During last year's Tour de France, there were no positive doping tests.
It seemed quite a feat after three straight years when drugs cheats marred cycling's main event, and the long, long history of doping in the sport overall.
But for those who might think that's a sign the sport is turning a corner, consider this: several weeks afterwards, at a race for budding cycling stars, no positive doping tests turned up, either - until customs officials raided a Ukrainian team bus, seized doping gear, and investigators later wrested admissions of blood doping and use of endurance booster EPO during the event.
With the 2010 Tour to begin overnight in Rotterdam, cycling bosses will be holding their breath in hope the race will be clean and not just in appearance.
While anti-doping crusaders have a stronger arsenal thanks to the biological passport programme, enhanced tests and tougher laws, it's still not clear they are getting an upper hand.
The list of riders caught in doping scandals over the past decade reads like a Who's Who of cycling. The biggest star, Lance Armstrong, has faced suspicion throughout his career but always insisted he is clean.
The president of cycling's world governing body, UCI, estimates there will be between 400 and 600 doping controls during the three-week cycling showcase.
"Is it going to be a clean race? I couldn't tell you," UCI chief Pat McQuaid said. "There are three weeks to go and there are 200 riders every day and we don't know who might take the risk."
Two former big-name riders who had been banned over doping are back - Italy's Ivan Basso and Alexandre Vinokourov of Kazakhstan. They could come in for special attention.
"I think you could say that those guys are going to be under a microscope, aren't they?" World Anti-Doping Agency (WADA) director-general David Howman, said from Montreal. The New Zealander noted the UCI will be responsible for the tests.
The ultimate question is: Are the cheaters getting caught and weeded out, or are they just clever enough to evade the controls by using techniques like micro-dosing their use of banned products, in such a way as to slip under the anti-doping radar?
France's anti-doping agency (AFLD) accused the UCI of lax controls last year, sparking a new, bitter feud between the two sides - and ending their cooperation on anti-doping.
Because of that squabble, this year WADA will fill the void left by the French agency and deploy six "independent observers" to keep tabs on the UCI's doping controls.
WADA says the French anti-doping agency is good. The samples will be tested in Lausanne, Switzerland - not AFLD's national lab in Chatenay-Malabry outside Paris.
The only positive test to impact last year's race involved Spanish rider Mikel Astarloza. He tested positive for endurance-booster EPO in an out-of-competition control eight days before the Tour began. But word of his positive emerged only after the race was finished and he had won the 16th stage. Other doping cheats are still undetected.
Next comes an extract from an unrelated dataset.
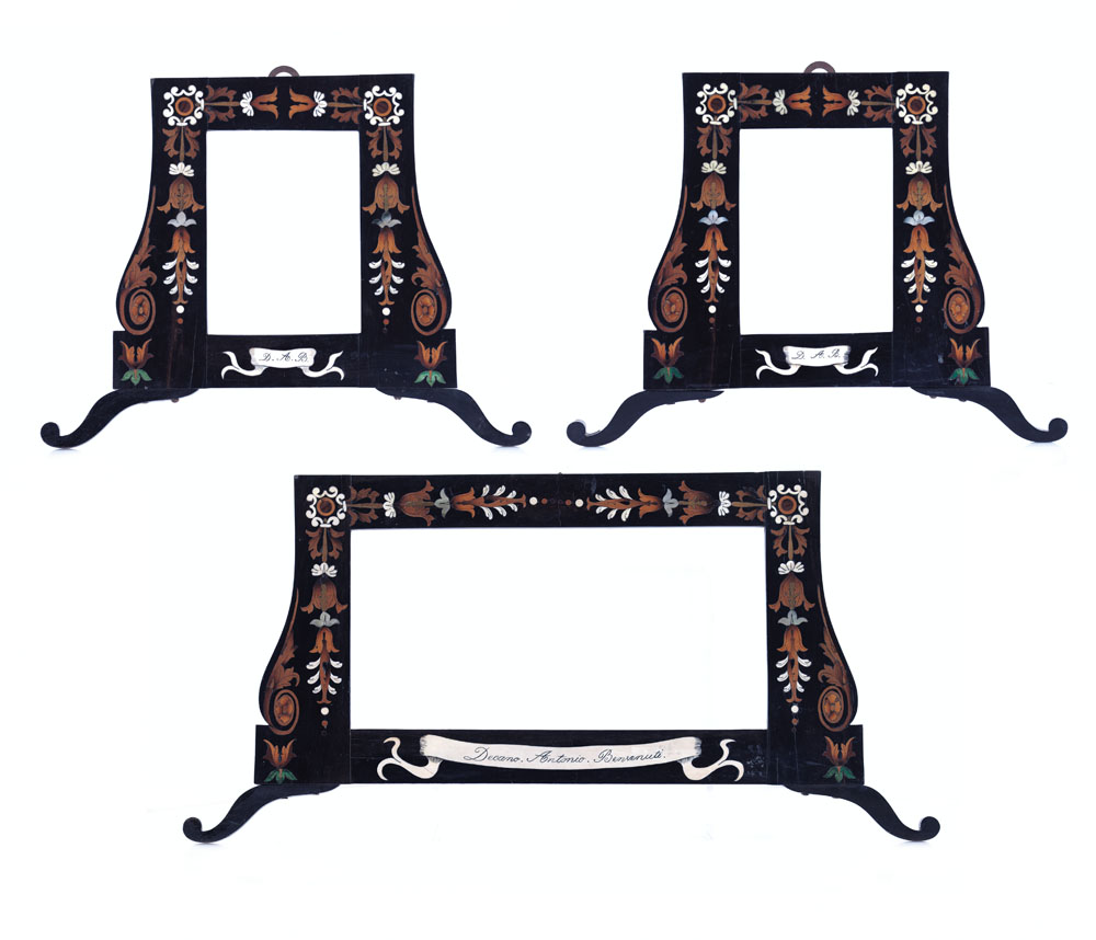 TRE CARTEGLORIA LASTRONATE IN EBANO CON INTARSI IN MADREPERLA, AVORIO E LEGNI VARI REALIZZATE PER IL CARDINALE ANTONIO BENVENUTI, PRIMA META' XIX SECOLO, sagomate su piedini con decori a candelabra e volute fitomorfe; iscrizioni incise entro cartigli "D.A.B." e "Decano Antonio Benvenuti"; difetti e usure.

Take last year's Tour de l'Avenir, a race in France for under-23 riders, where no positive tests turned up. But customs officials searched the Ukraine team bus and found syringes with blood on them and Actovegin - an oxygen carrier that can also mask drug use, French prosecutors said.
Three team members were charged with possession and use of doping products, and under investigators' questioning, two admitted to blood doping and using EPO.
Howman said the passport programme was in its infancy. "We're learning how it can be properly monitored, used and expanded. It's not the ultimate panacea, it's another weapon and it could be a very useful one."
Armstrong, riding in his last Tour, has been in the crosshairs about doping. US prosecutors are looking into claims by former team-mate Floyd Landis that the seven-time Tour de France champion was involved in doping.
In 2006, Operation Puerto forced stars like Basso and Jan Ullrich to miss the start, and race winner Landis was stripped of his title for doping. Vinokourov was kicked out a year later for blood doping. In 2008, six riders were caught.
Howman said no rider was totally above suspicion.
Asked about Armstrong's repeated insistence over his career that he was the world's most-tested athlete, Howman replied: "So was Marion Jones."
Meanwhile, Armstrong says don't expect him to win the first leg of his last ride in the Tour.